Top of Collected data

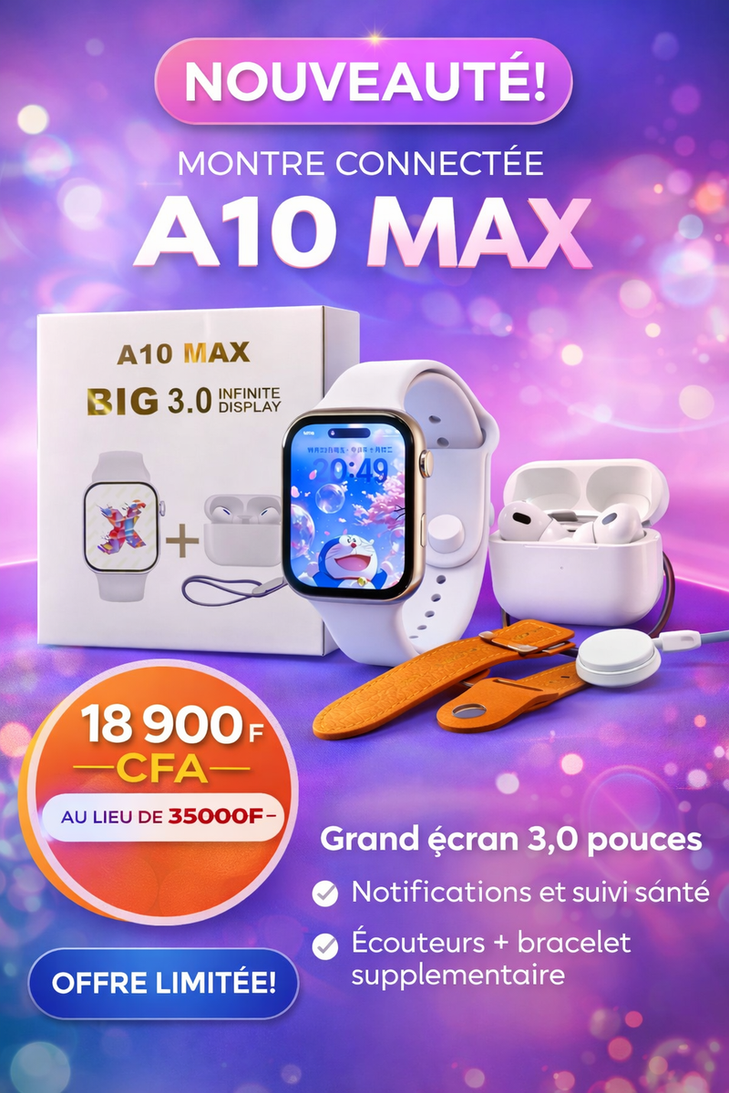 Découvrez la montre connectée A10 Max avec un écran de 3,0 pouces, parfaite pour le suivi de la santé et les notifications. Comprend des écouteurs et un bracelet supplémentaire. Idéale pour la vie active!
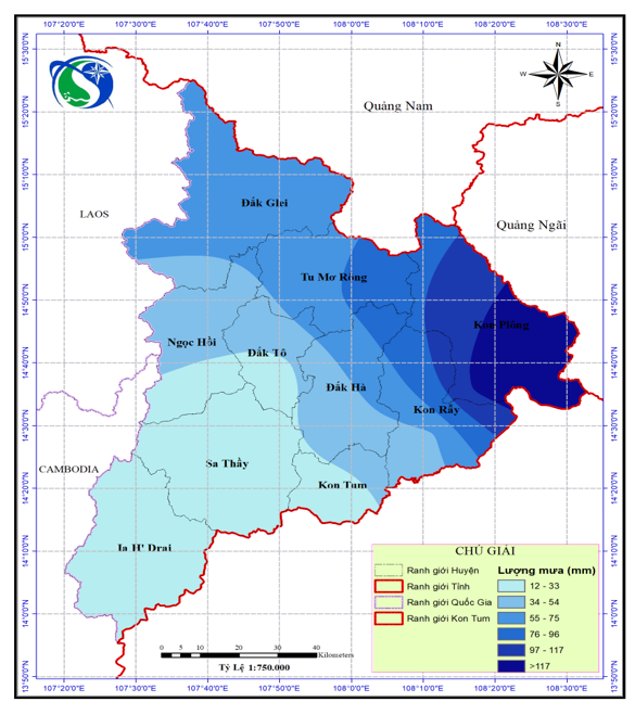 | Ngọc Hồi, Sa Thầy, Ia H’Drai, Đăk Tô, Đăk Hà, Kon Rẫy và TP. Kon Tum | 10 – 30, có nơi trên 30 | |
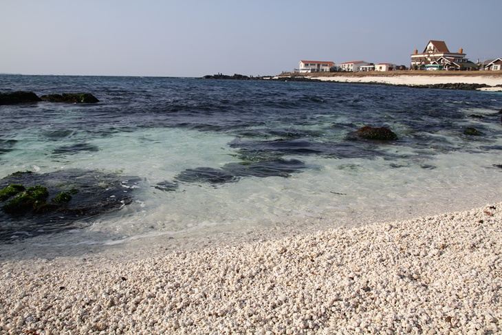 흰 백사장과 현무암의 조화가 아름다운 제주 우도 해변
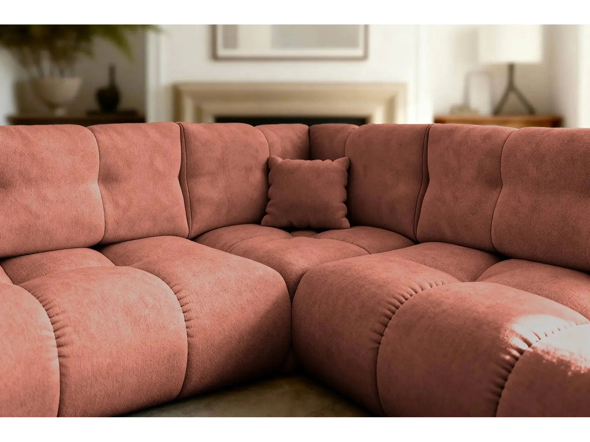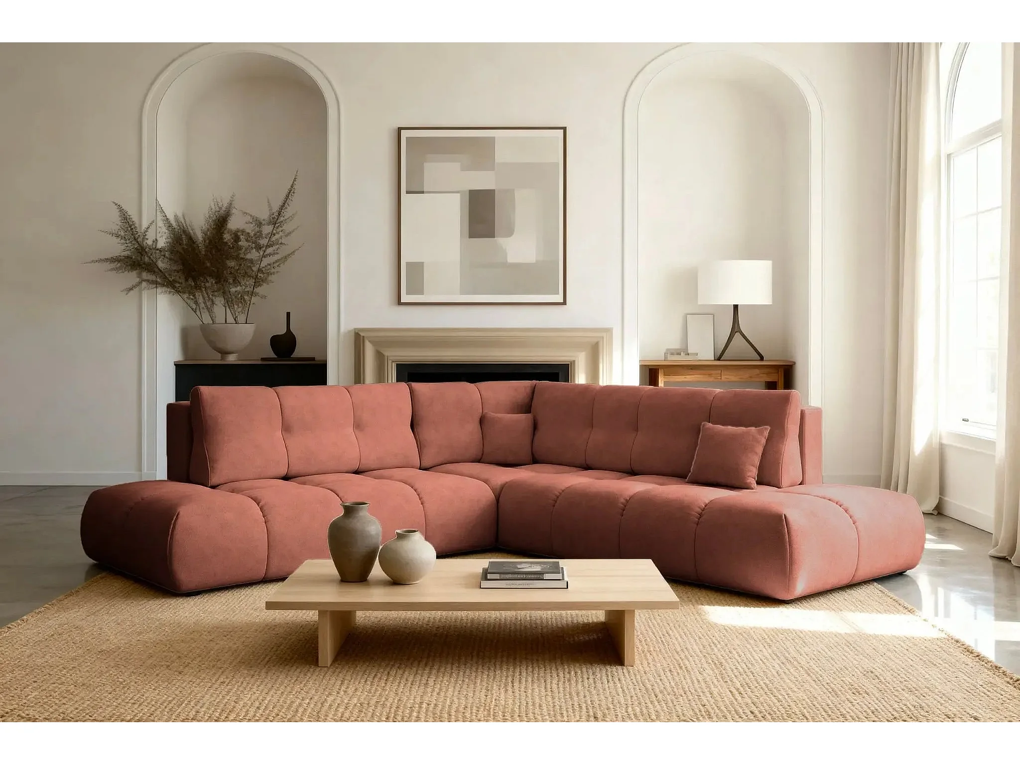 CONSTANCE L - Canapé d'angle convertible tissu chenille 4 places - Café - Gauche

Bottom of Collected data

The problem: Write the lines out word for word, starting at the one with "흰 백사장과 현무암의 조화가 아름다운 제주 우도 해변" and stopping after the last line of the material above, with pictures excluded.

Response to this exercise:
 흰 백사장과 현무암의 조화가 아름다운 제주 우도 해변
 CONSTANCE L - Canapé d'angle convertible tissu chenille 4 places - Café - Gauche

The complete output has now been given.